Personal information
- Full name: Mohamed Bouzaidi Diouri
- Date of birth: 16 November 1999 (age 26)
- Place of birth: Olot, Spain
- Height: 1.71 m (5 ft 7 in)
- Position: Winger

Team information
- Current team: Marítimo
- Number: 21

Youth career
- Olot
- 2015–2018: Sevilla

Senior career*
- Years: Team / Apps / (Gls)
- 2018–2019: Sevilla C / 29 / (9)
- 2019–2021: Sevilla B / 30 / (2)
- 2021–2024: Córdoba / 101 / (20)
- 2024–2025: Eldense / 12 / (1)
- 2025–: Marítimo / 31 / (8)

International career
- 2016–2017: Morocco U17 / 9 / (3)
- 2018: Morocco U20 / 5 / (1)

= Simo Bouzaidi =

Moroccan footballer

Mohamed Bouzaidi Diouri (born 16 November 1999), known as Simo Bouzaidi or just Simo, is a footballer who plays as a winger for Liga Portugal club Marítimo. Born in Spain, he represents Morocco at international level.

==Club career==
Born in Olot, Girona, Catalonia, Bouzaidi joined Sevilla FC's youth sides in 2015, from hometown side UE Olot. He made his senior debut with the C-team on 9 September 2018, in a 4–0 Tercera División away loss to Algeciras CF, and scored his first goal fourteen days later, netting the opener in a 2–1 win at CD Ciudad de Lucena.

Bouzaidi was promoted to the reserves in Segunda División B ahead of the 2019–20 season, but was only a backup option during his two-year spell. On 11 July 2021, he signed a two-year contract with Segunda División RFEF side Córdoba CF.

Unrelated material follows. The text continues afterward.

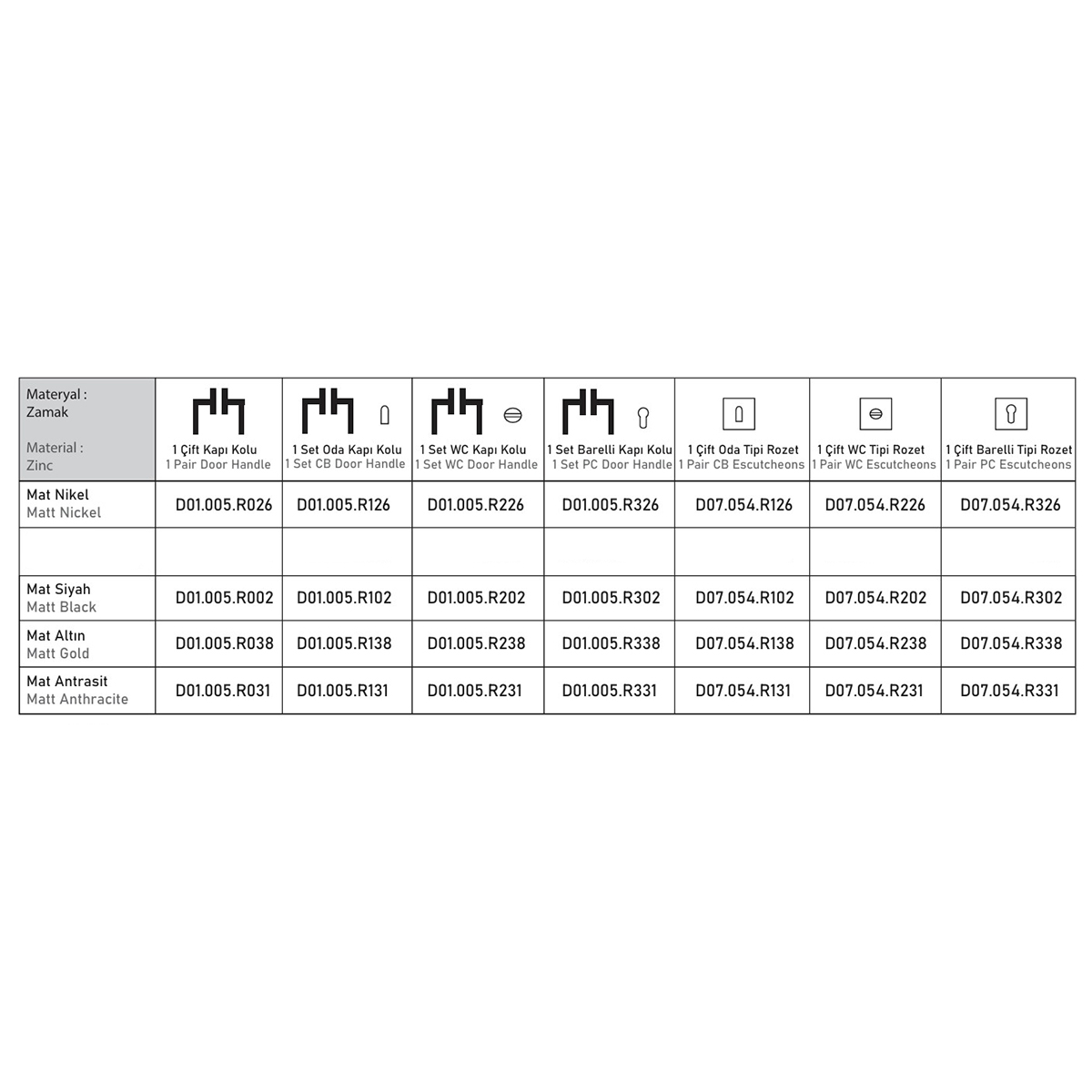 | Renk | Mat Altın, Mat Antrasit, Mat Nikel, Mat Siyah |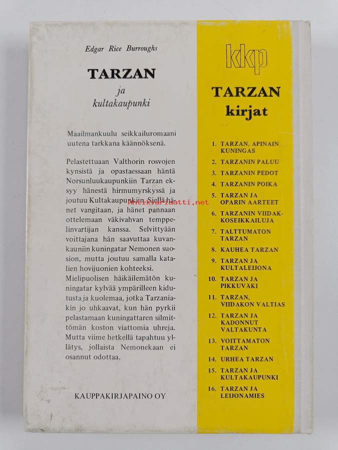 Muu(t) tekijä(t): Jaakko V. Tapio, K. LintulaMerkinnät: omistajamerkintäAlkuteos: Tarzan and the city of goldAsiasanat: seikkailukirjat, viidakkoseikkailut

After helping the Blanquiverdes to achieve promotion to Primera Federación, Bouzaidi renewed his link until 2024 on 25 January 2022. He continued to feature regularly in the following years, contributing with six goals in 40 appearances overall during the 2023–24 campaign as the club returned to Segunda División after a five-year absence.

On 28 June 2024, Bouzaidi agreed to a two-year deal with CD Eldense in the second division. He made his professional debut on 21 September, replacing Nacho Quintana late into a 1–1 home draw against Real Oviedo.

On 14 August 2025, after suffering relegation, Bouzaidi moved abroad and signed a two-year contract with C.S. Marítimo of the Liga Portugal 2.

==International career==
Bouzaidi represented Morocco at under-17 and under-20 levels.